[EXERCISE GOAL]:
From the first line to the last, set down the material exactly and drop every picture.

[INFORMATION SHOWN]:
-*-

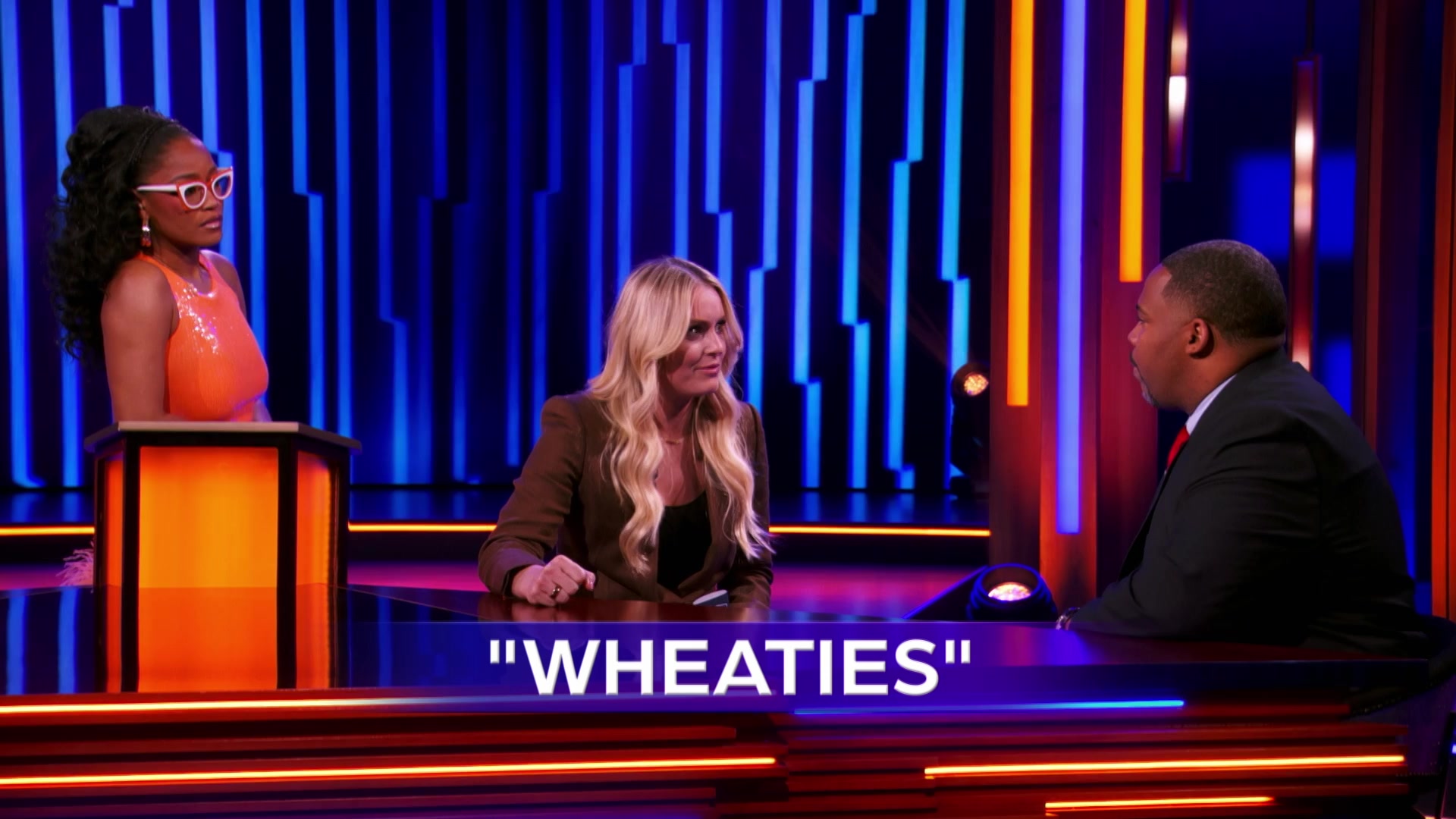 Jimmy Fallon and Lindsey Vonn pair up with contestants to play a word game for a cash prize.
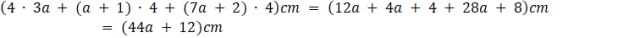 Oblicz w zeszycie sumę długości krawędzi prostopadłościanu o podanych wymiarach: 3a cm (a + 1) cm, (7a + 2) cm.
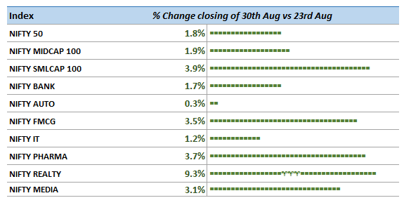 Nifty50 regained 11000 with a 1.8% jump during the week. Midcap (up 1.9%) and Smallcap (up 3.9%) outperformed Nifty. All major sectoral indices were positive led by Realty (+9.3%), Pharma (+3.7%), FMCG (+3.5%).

-*-

[RESULT]:
 Jimmy Fallon and Lindsey Vonn pair up with contestants to play a word game for a cash prize.
 Oblicz w zeszycie sumę długości krawędzi prostopadłościanu o podanych wymiarach: 3a cm (a + 1) cm, (7a + 2) cm.
 Nifty50 regained 11000 with a 1.8% jump during the week. Midcap (up 1.9%) and Smallcap (up 3.9%) outperformed Nifty. All major sectoral indices were positive led by Realty (+9.3%), Pharma (+3.7%), FMCG (+3.5%).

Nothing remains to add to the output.